Data to examine:
——————————

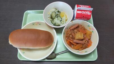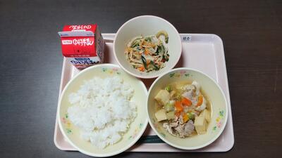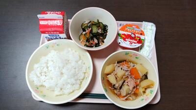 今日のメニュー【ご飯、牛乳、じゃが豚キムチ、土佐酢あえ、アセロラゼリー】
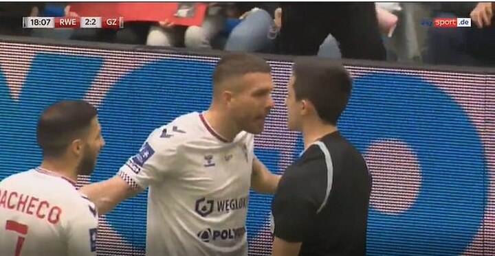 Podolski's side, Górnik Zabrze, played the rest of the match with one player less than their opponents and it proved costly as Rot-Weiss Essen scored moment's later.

——————————

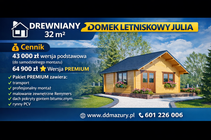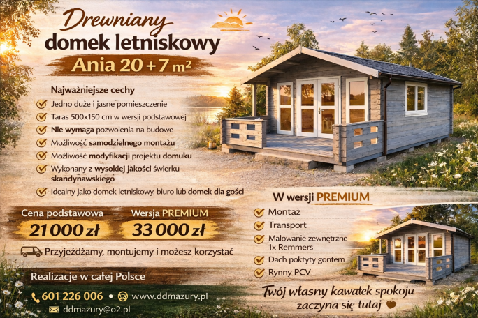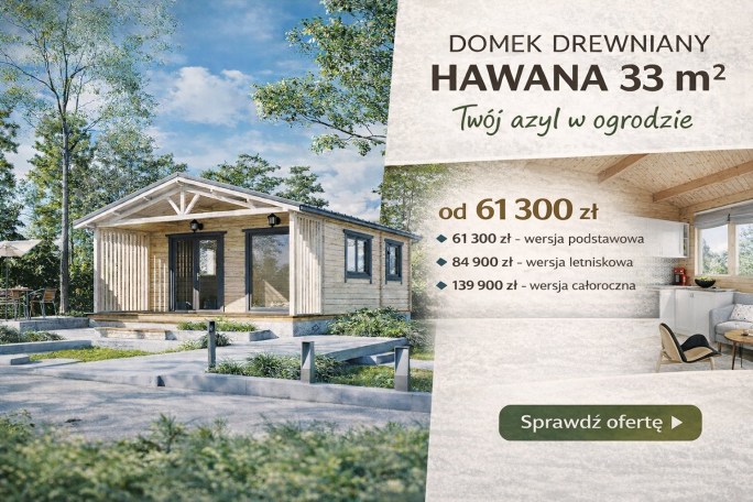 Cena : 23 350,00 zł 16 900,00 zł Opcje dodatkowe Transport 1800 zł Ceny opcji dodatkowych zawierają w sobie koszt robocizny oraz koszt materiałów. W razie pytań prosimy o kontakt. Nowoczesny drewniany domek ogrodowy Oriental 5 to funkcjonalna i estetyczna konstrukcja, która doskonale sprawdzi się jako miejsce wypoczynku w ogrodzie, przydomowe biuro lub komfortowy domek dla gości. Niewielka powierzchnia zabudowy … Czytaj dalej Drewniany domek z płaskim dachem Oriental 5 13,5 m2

——————————

Work task:
The response must repeat exactly the lines above from the one with "今日のメニュー【ご飯、牛乳、じゃが豚キムチ、土佐酢あえ、アセロラゼリー】" through the one with "Podolski's side, Górnik", including both, and must contain no pictures and no other text.

Final answer:
 今日のメニュー【ご飯、牛乳、じゃが豚キムチ、土佐酢あえ、アセロラゼリー】
 Podolski's side, Górnik Zabrze, played the rest of the match with one player less than their opponents and it proved costly as Rot-Weiss Essen scored moment's later.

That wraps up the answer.